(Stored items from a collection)
====
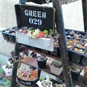 おはようございます♪ 良いお天気になりました✨✨ 東側のテラス下に置いてあったサビサビ脚立を南向きの物置前に移動しました⑅◡̈* 一日中お日様があたっているので多肉達にはここの方が良いかな👍
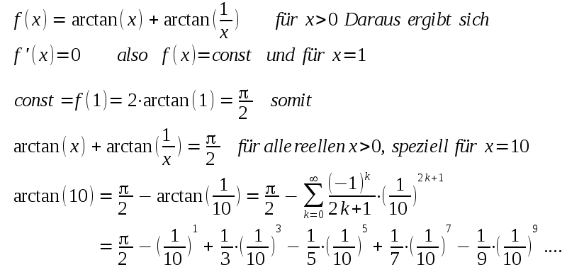 Möglichkeit arctan(10) korrekt zu berechnen, also anzunähern. Dazu betrachte man die Funktion |
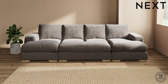 7.2.10 Houghton Deep Relaxed Sit Large - U Shaped Double Chaise with Footstool Chunky Chenille Mink Brown Large Square Angle - Light | Made Click here to use our website with more accessibility support, for example screen readers
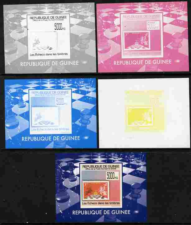 Guinea - Conakry 2009 Chess on Stamps #6 individual deluxe sheetlet - the set of 5 imperf progressive proofs comprising the 4 individual colours plus all 4-colour composite, unmounted mint
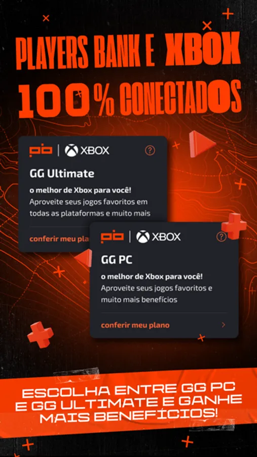 Ao abrir conta no PB você pode assinar o GG Ultimate ou GG PC pelo app e ganhar 10% de cashback ao usar o cartão de crédito Player’s Bank na XBOX Network.
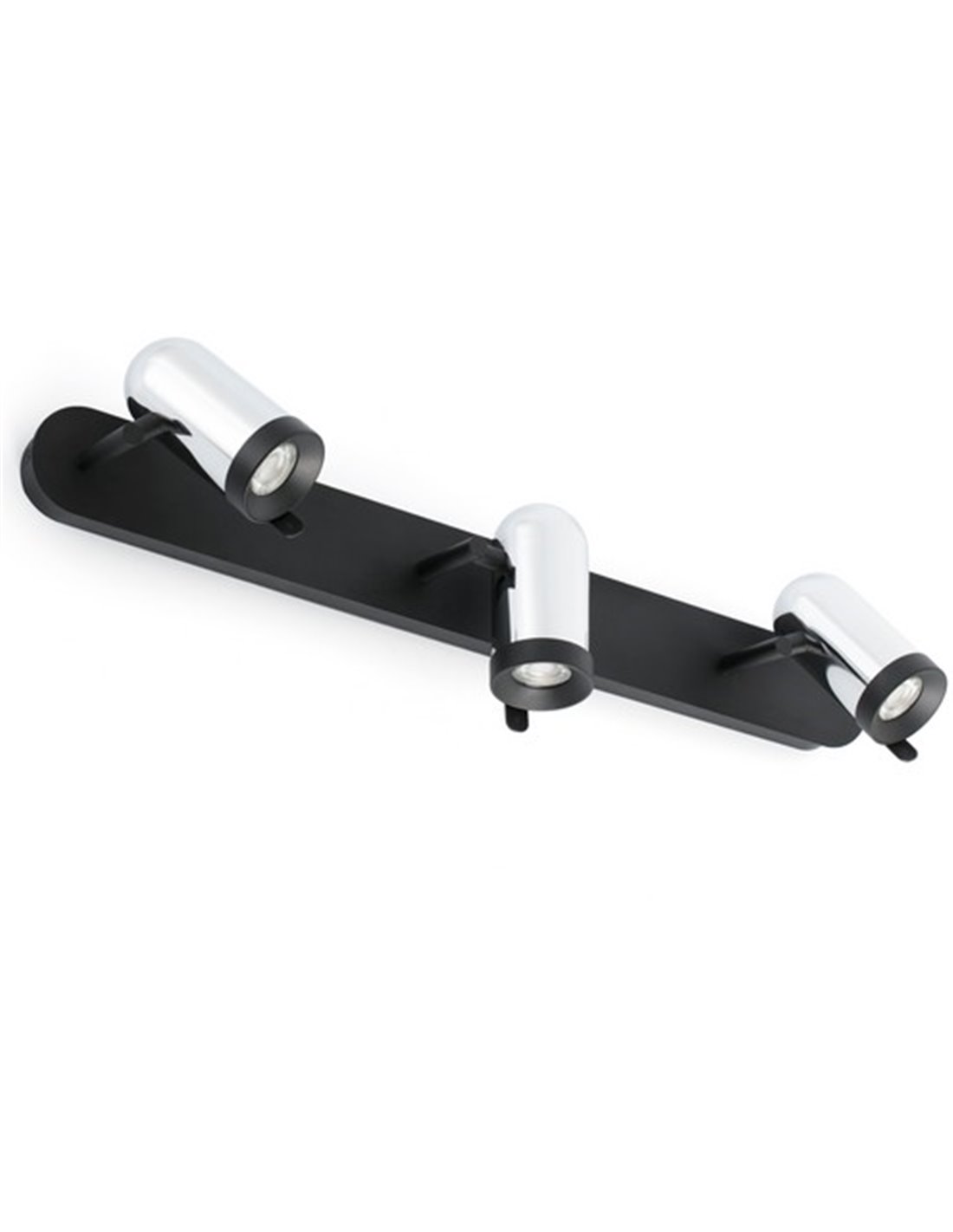 The Orleans light in its linear version with three adjustable spotlights is made of steel and allows you to choose between two finishes: all black or black structure with chrome spotlights.
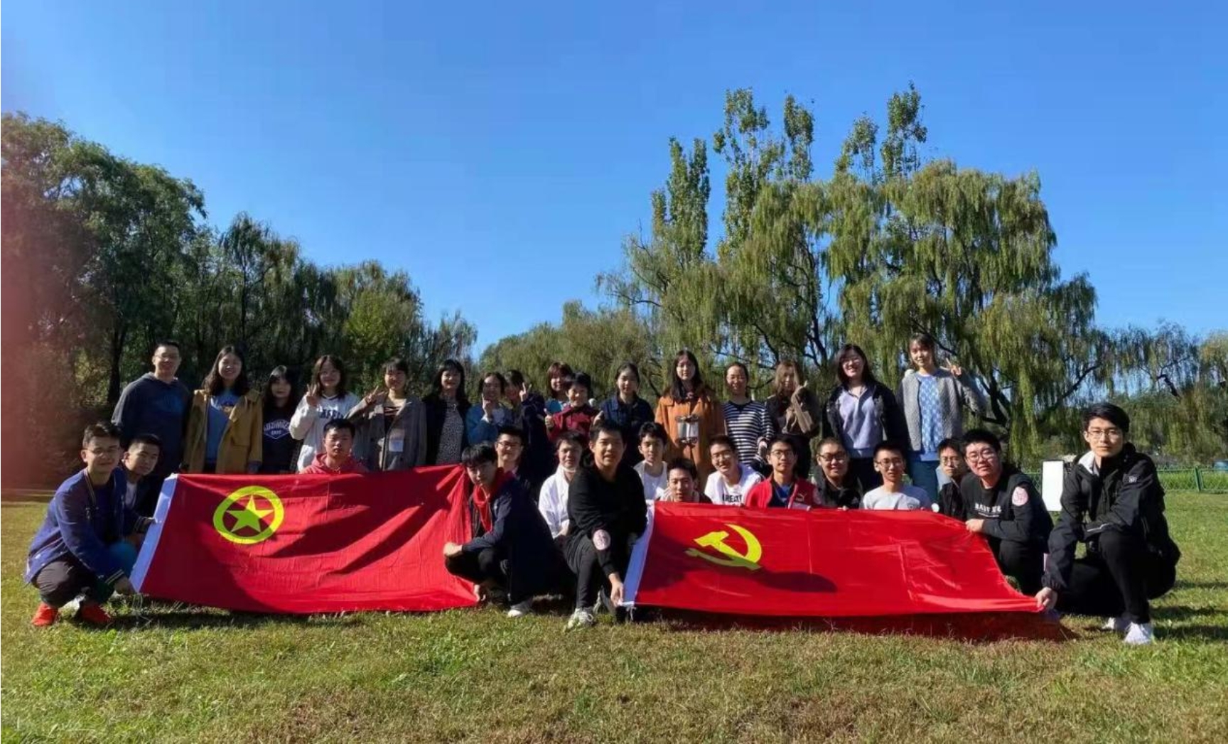上午9:00,大家在宁远楼前坪集合完毕,乘坐大巴前往奥森公园,随后步行前往预定地点。迎着朝阳,同学们怀着满溢的期待和热情,一路欢声笑语,步伐轻盈。走在前面的两位同学高举党旗和团旗,两面红旗迎风高高飘扬,激荡出同学们爱党爱团的情感,也引得不少行人驻足注目。
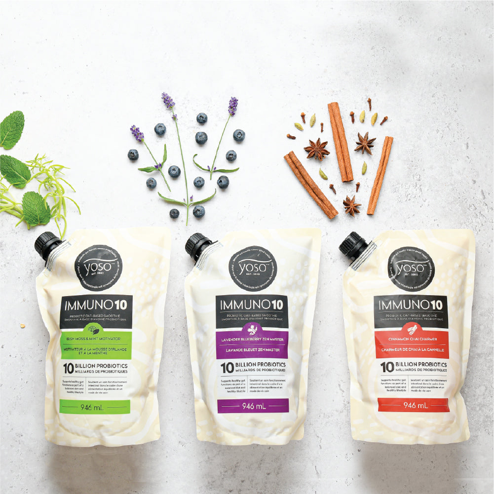 YOSO Smoothies are the first plant-based high probiotic smoothie with 10 billion probiotics per serving, and paired with functional ingredients. When the IMMUNO10 Probiotic Smoothie line was launched it was offered in five interesting flavours: Unsweetened Minimalist, Vanilla Guarding Angel, Strawberry Overachiever, Lavender & Blueberry Zen Master, Cinnamon Chai Charmer and Irish Moss & Mint Motivator.
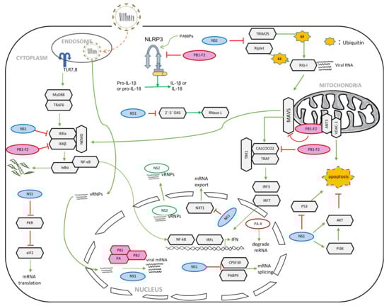 PB1-F2 is a small NSP, encoded by an alternate (+1) reading frame within the PB1 gene [100,101,102]. Unlike NS1 and NS2, the PB1-F2 protein is not in all IAV strains. It also has various lengths, amino acid sequences, and subcellular localizations in different strains, contributing to the strain-specific pathogenicity. PB1-F2 was first found to localize in the mitochondria and induce cell death [100]. Interestingly, the mitochondrial localization of PB1-F2 is strain-dependent [103]. Recent works further found that PB1-F2 blocks the RIG-I signaling pathway, modulates NLRP3 inflammasome activation, enhances viral polymerase activity, and promotes viral pathogenicity, as discussed below.
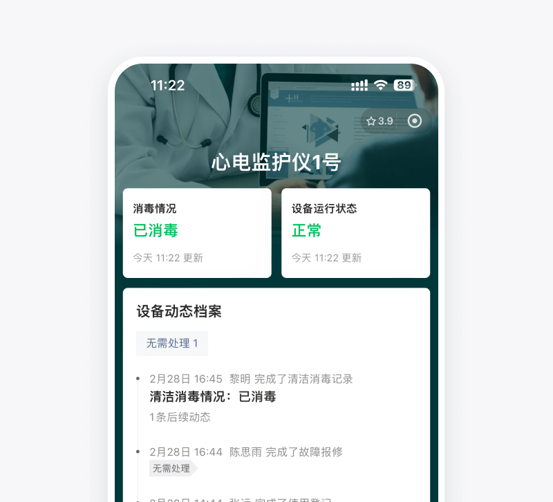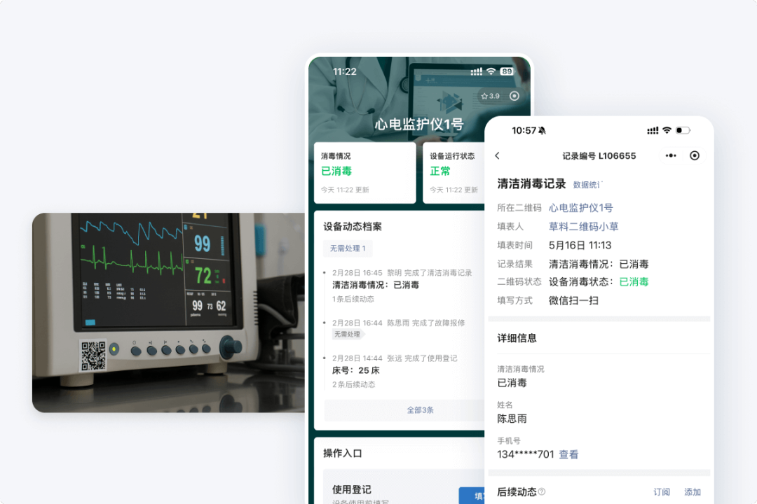 设备使用、消毒、借调和维保都可以扫码记录,不再依赖纸质台账
====
Pictures should not appear in the copy. Write out exactly the lines above from the first one through the line that contains "上午9:00,大家在宁远楼前".

■ RESPONSE
 おはようございます♪ 良いお天気になりました✨✨ 東側のテラス下に置いてあったサビサビ脚立を南向きの物置前に移動しました⑅◡̈* 一日中お日様があたっているので多肉達にはここの方が良いかな👍
 Möglichkeit arctan(10) korrekt zu berechnen, also anzunähern. Dazu betrachte man die Funktion |
 7.2.10 Houghton Deep Relaxed Sit Large - U Shaped Double Chaise with Footstool Chunky Chenille Mink Brown Large Square Angle - Light | Made Click here to use our website with more accessibility support, for example screen readers
 Guinea - Conakry 2009 Chess on Stamps #6 individual deluxe sheetlet - the set of 5 imperf progressive proofs comprising the 4 individual colours plus all 4-colour composite, unmounted mint
 Ao abrir conta no PB você pode assinar o GG Ultimate ou GG PC pelo app e ganhar 10% de cashback ao usar o cartão de crédito Player’s Bank na XBOX Network.
 The Orleans light in its linear version with three adjustable spotlights is made of steel and allows you to choose between two finishes: all black or black structure with chrome spotlights.
上午9:00,大家在宁远楼前坪集合完毕,乘坐大巴前往奥森公园,随后步行前往预定地点。迎着朝阳,同学们怀着满溢的期待和热情,一路欢声笑语,步伐轻盈。走在前面的两位同学高举党旗和团旗,两面红旗迎风高高飘扬,激荡出同学们爱党爱团的情感,也引得不少行人驻足注目。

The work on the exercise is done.